Experimental lab test-tubes with test substance

Grid Therapeutics Signs Exclusive License Agreement

In August 2017, Grid Therapeutics, LLC, an oncology-focused biotechnology company announced the execution of an exclusive license agreement with Duke University to develop the first human-derived antibody as a targeted immunotherapy for cancer. Under the agreement, Grid has acquired the exclusive rights to all intellectual property, including relevant patents, related to Complement Factor H (CFH) antibodies as a cancer therapy, and diagnostics around CFH.

Grid Therapeutics logo
Edward Patz

Grid is based on the innovative science developed by Edward F. Patz, Jr., MD and his team at Duke University. Grid is currently developing its lead candidate for the treatment of solid tumors and plans to begin clinical trials in cancer patients in early 2019.

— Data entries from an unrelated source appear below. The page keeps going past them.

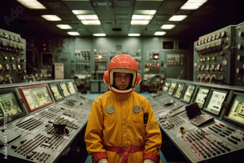 Person in hazmat suit with gas mask in industrial facility, concept of safety and protection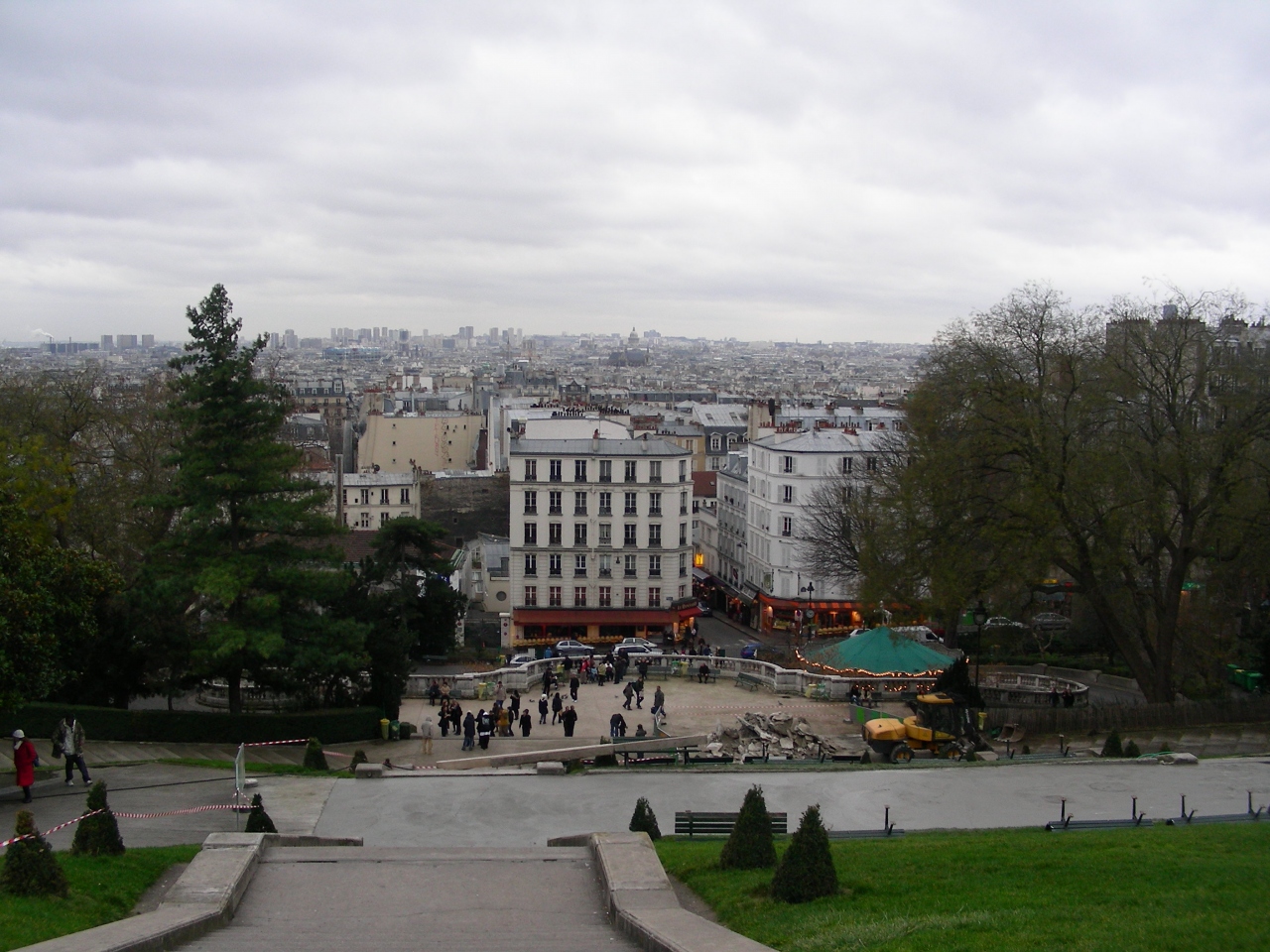 モンマルトルの丘は狭く急な坂道、ぎっしり並んだ路上駐車の列、落書きのされた安アパート、と「芸術家のタマゴのたまり場」のイメージそのままの風景です。似てもいない似顔絵描き、銅像そっくりの路上パフォーマーなど、くだけたパリの一面を見ることができます。体格のいい黒人のニイちゃんが親しげに「友情のしるし」とミサンガをつけようとするのには要注意。突然30ユーロ要求してきます。警官も見て見ぬふり。日本語でいいからきっぱり断る勇気が大切です。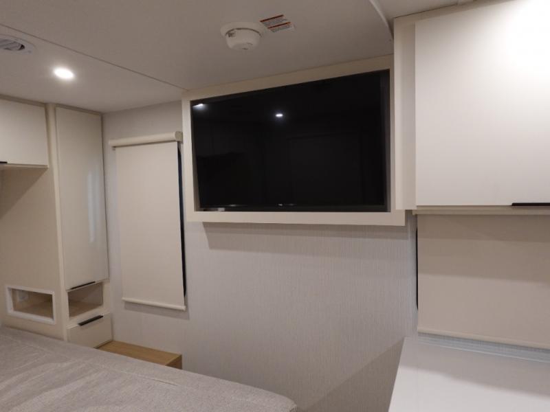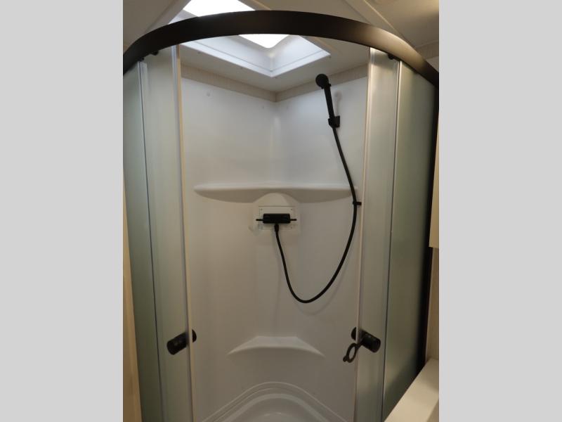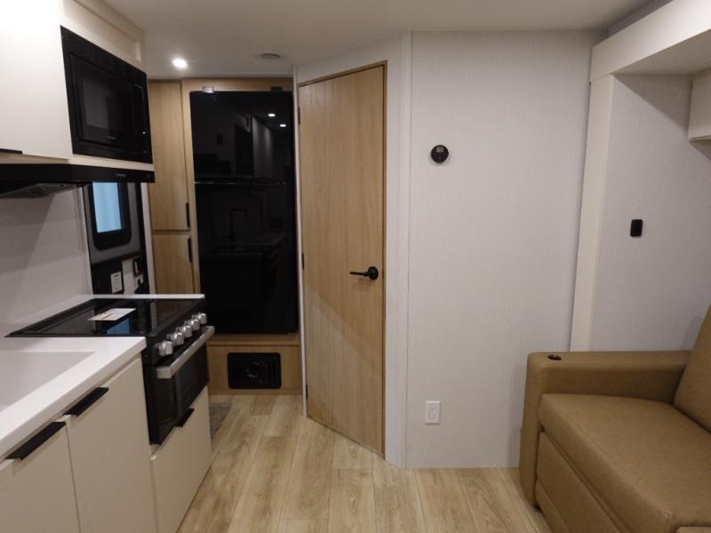 It will be so easy to enjoy camping trips in this compact travel trailer. The jack knife sofa slide provides more floor space plus a place for an overnight guest to sleep. You'll find a king-size bed up front with a privacy curtain and dual bedroom wardrobes to keep your things tidy. A recessed three burner cooktop with an oven will let you make meals each day, and the 10.6 cu. ft. 12V refrigerator will keep your cold items fresh. There is also a pantry with pull-out and removable shelves for added storage space. The full bath includes a power vent fan and a shower skylight that will give you more lighting and extra head room as you get ready each day!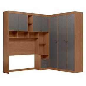 Quarto casal Lugano Jatobá Grafite: O jogo Lugano é a solução completa para quartos que precisam de organização sem perder estilo. Roupeiro, módulos acima da cama e prateleiras laterais deixam tudo com jeitinho de casa arrumada, acabamento com textura semi-fosca e divisão pensada para facilitar seu dia a dia.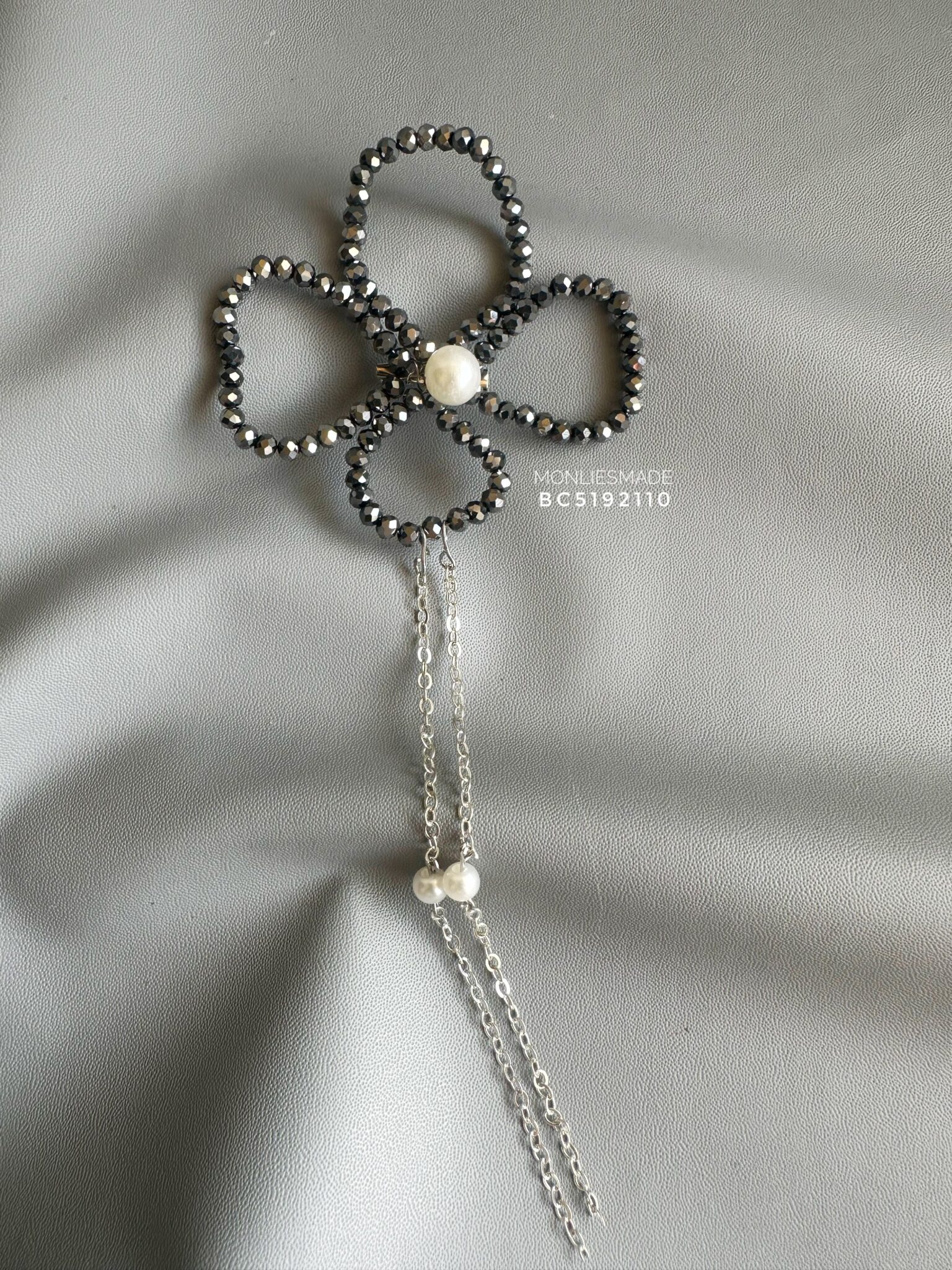 BC5192110 – Handmade Crystal Flower Brooch – Silver

“We are pleased to sign this exclusive license agreement with Duke to advance this truly innovative science into clinical trials and begin evaluating the therapeutic treatment options for multiple forms of cancer,” said Dr. Paolo Paoletti, on Business Wire.  Dr. Paoletti is a Grid Board member and CEO of GammaDelta Therapeutics. “This agreement allows Grid to rapidly develop a new generation of cancer immunotherapies based on a human-derived antibody that inhibits CFH, a protein that serves to protect cancer cells.” As part of the license agreement, Duke University has become a shareholder in Grid.

This past April, Grid closed on Series B Financing.  They used this money to accelerate and expand the development of their lead therapeutic candidate, GT103, for the treatment of solid tumors, and to prepare for clinical trials starting early next year.

About Grid Therapeutics

Grid Therapeutics is a biotech company based on the innovative platform for discovering and isolating human derived antibodies. Dr Edward F. Patz, Jr, is the co-founder and CEO of Grid, located in Durham, North Carolina. The lead antibody was discovered in exceptional outcome early stage lung cancer patients who did not progress to develop metastasis. The antibody was isolated from patient’s B-cells using state of the art molecular genomic techniques. GT103, the company’s lead asset, will begin a Phase 1 clinical trial in cancer patients with advanced-stage solid tumors.